[[ Information supplied, beginning ]]
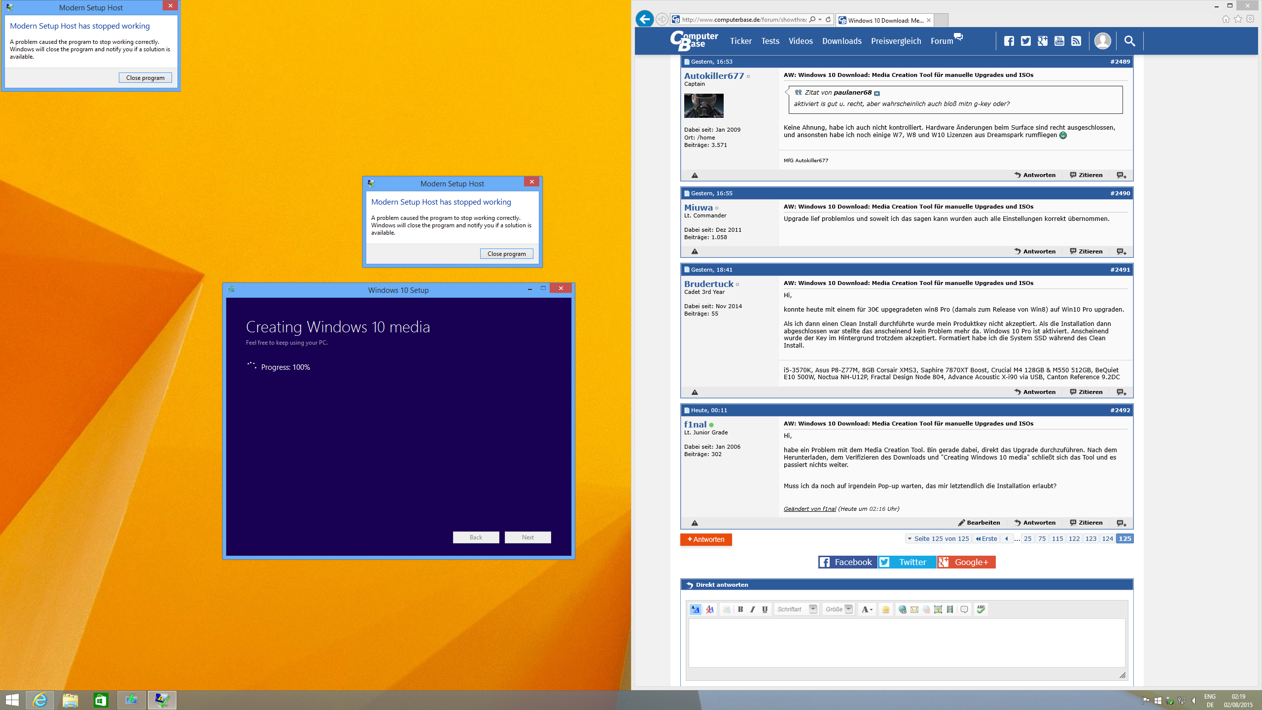 habe ein Problem mit dem Media Creation Tool. Bin gerade dabei, direkt das Upgrade durchzuführen. Nach dem Herunterladen, dem Verifizieren des Downloads und "Creating Windows 10 media" schließt sich das Tool und es kommt diese Meldung:
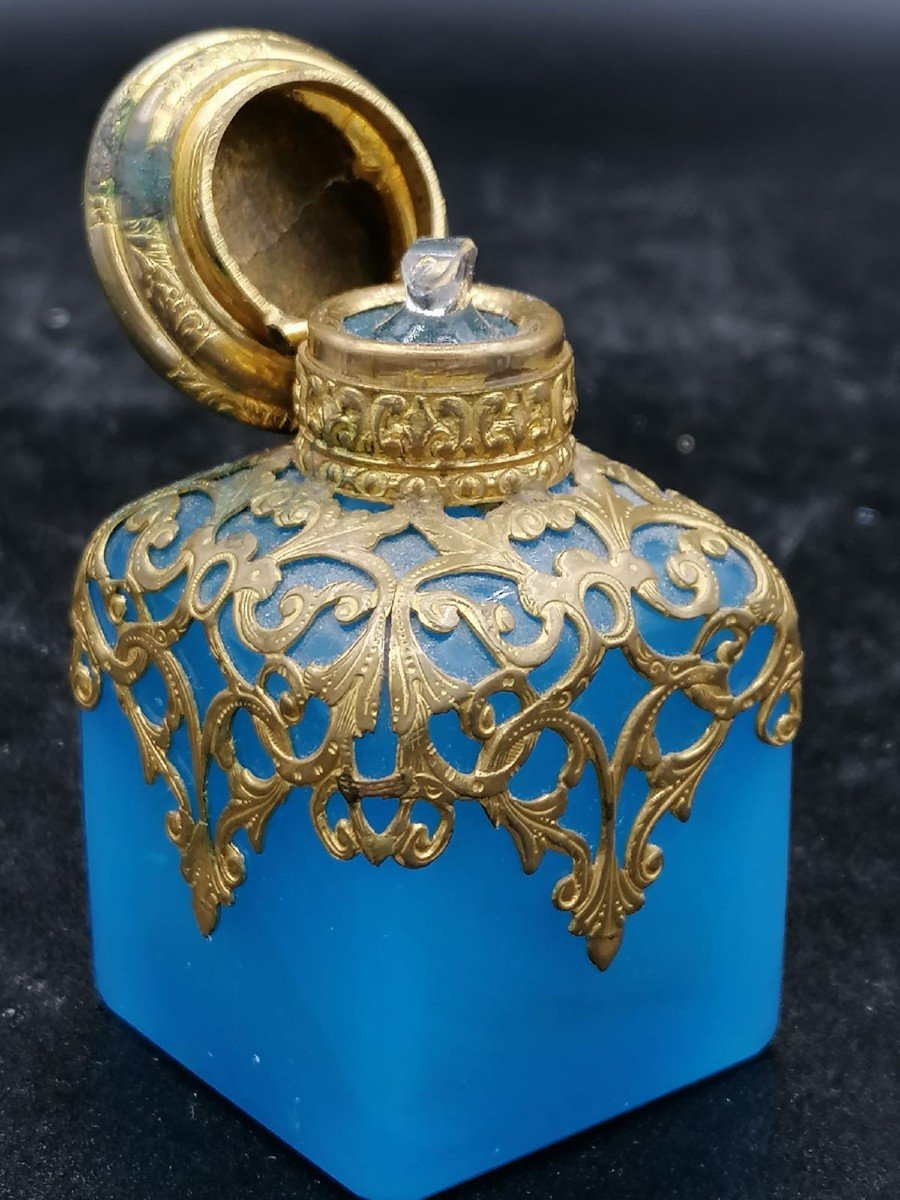 “Old Palais Royal Blue Opaline Glass Perfume Bottle With A Miniature Of Paris”
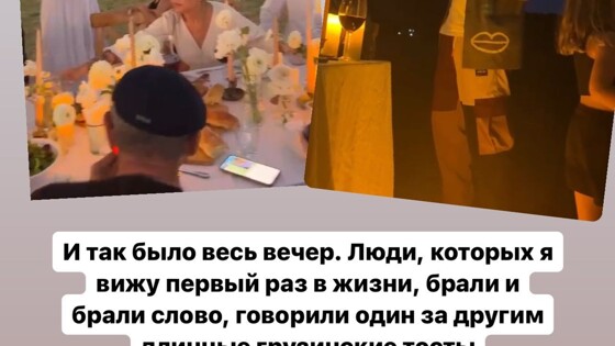 «"Грузинское гостеприимство" и наши мечты в кои-то веки побыть только в кругу семьи слегка не смэтчились. И за стол бесконечно врывались чужие люди со своими тостами и речами. Как раз то, чего мы с Федей не хотели», — поделилась с подписчиками Рита. Без конца отстаивающая свои права артистка призналась, что так и не смогла попросить удалиться надоедливых зевак — то ли боясь обидеть местных, то из вежливости. Впрочем, как оказалось, официально приглашенные гости были не против такой импровизации. А Рита извлекла из ситуации урок: поняла, что так и не научилась выстраивать личные границы. Что ж, у певицы есть еще две попытки!
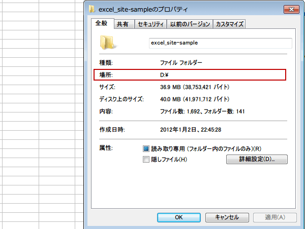 フォルダのパスが分からない時は、フォルダを右クリックして、メニューからプロバティを
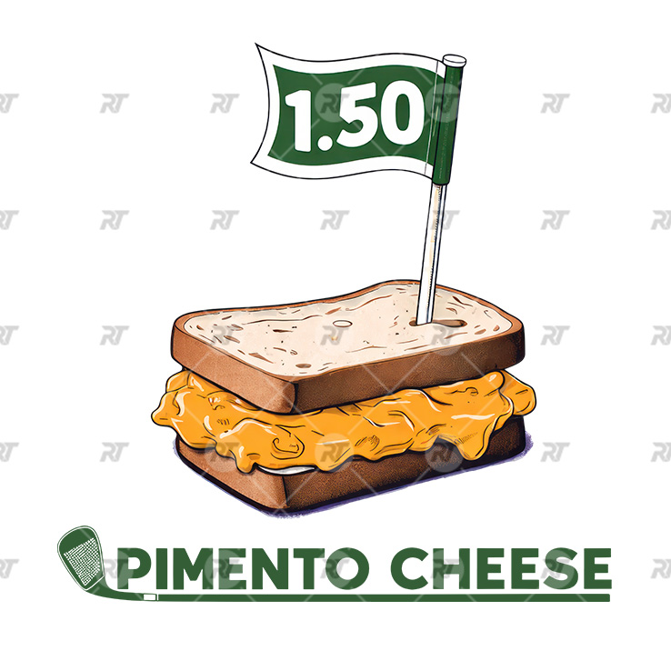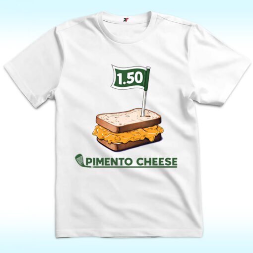 This shirt features a detailed illustration of the sandwich at its center, topped with a small golf flag marked “1.50,” a nod to its iconic status and famously classic price point. Beneath it, “PIMENTO CHEESE” appears in clean green lettering, echoing the colors of the course and grounding the overall look.
[[ Information supplied, end ]]
Problem details. Give the data again word for word, without images.

Exercise answer.
 habe ein Problem mit dem Media Creation Tool. Bin gerade dabei, direkt das Upgrade durchzuführen. Nach dem Herunterladen, dem Verifizieren des Downloads und "Creating Windows 10 media" schließt sich das Tool und es kommt diese Meldung:
 “Old Palais Royal Blue Opaline Glass Perfume Bottle With A Miniature Of Paris”
 «"Грузинское гостеприимство" и наши мечты в кои-то веки побыть только в кругу семьи слегка не смэтчились. И за стол бесконечно врывались чужие люди со своими тостами и речами. Как раз то, чего мы с Федей не хотели», — поделилась с подписчиками Рита. Без конца отстаивающая свои права артистка призналась, что так и не смогла попросить удалиться надоедливых зевак — то ли боясь обидеть местных, то из вежливости. Впрочем, как оказалось, официально приглашенные гости были не против такой импровизации. А Рита извлекла из ситуации урок: поняла, что так и не научилась выстраивать личные границы. Что ж, у певицы есть еще две попытки!
 フォルダのパスが分からない時は、フォルダを右クリックして、メニューからプロバティを
 This shirt features a detailed illustration of the sandwich at its center, topped with a small golf flag marked “1.50,” a nod to its iconic status and famously classic price point. Beneath it, “PIMENTO CHEESE” appears in clean green lettering, echoing the colors of the course and grounding the overall look.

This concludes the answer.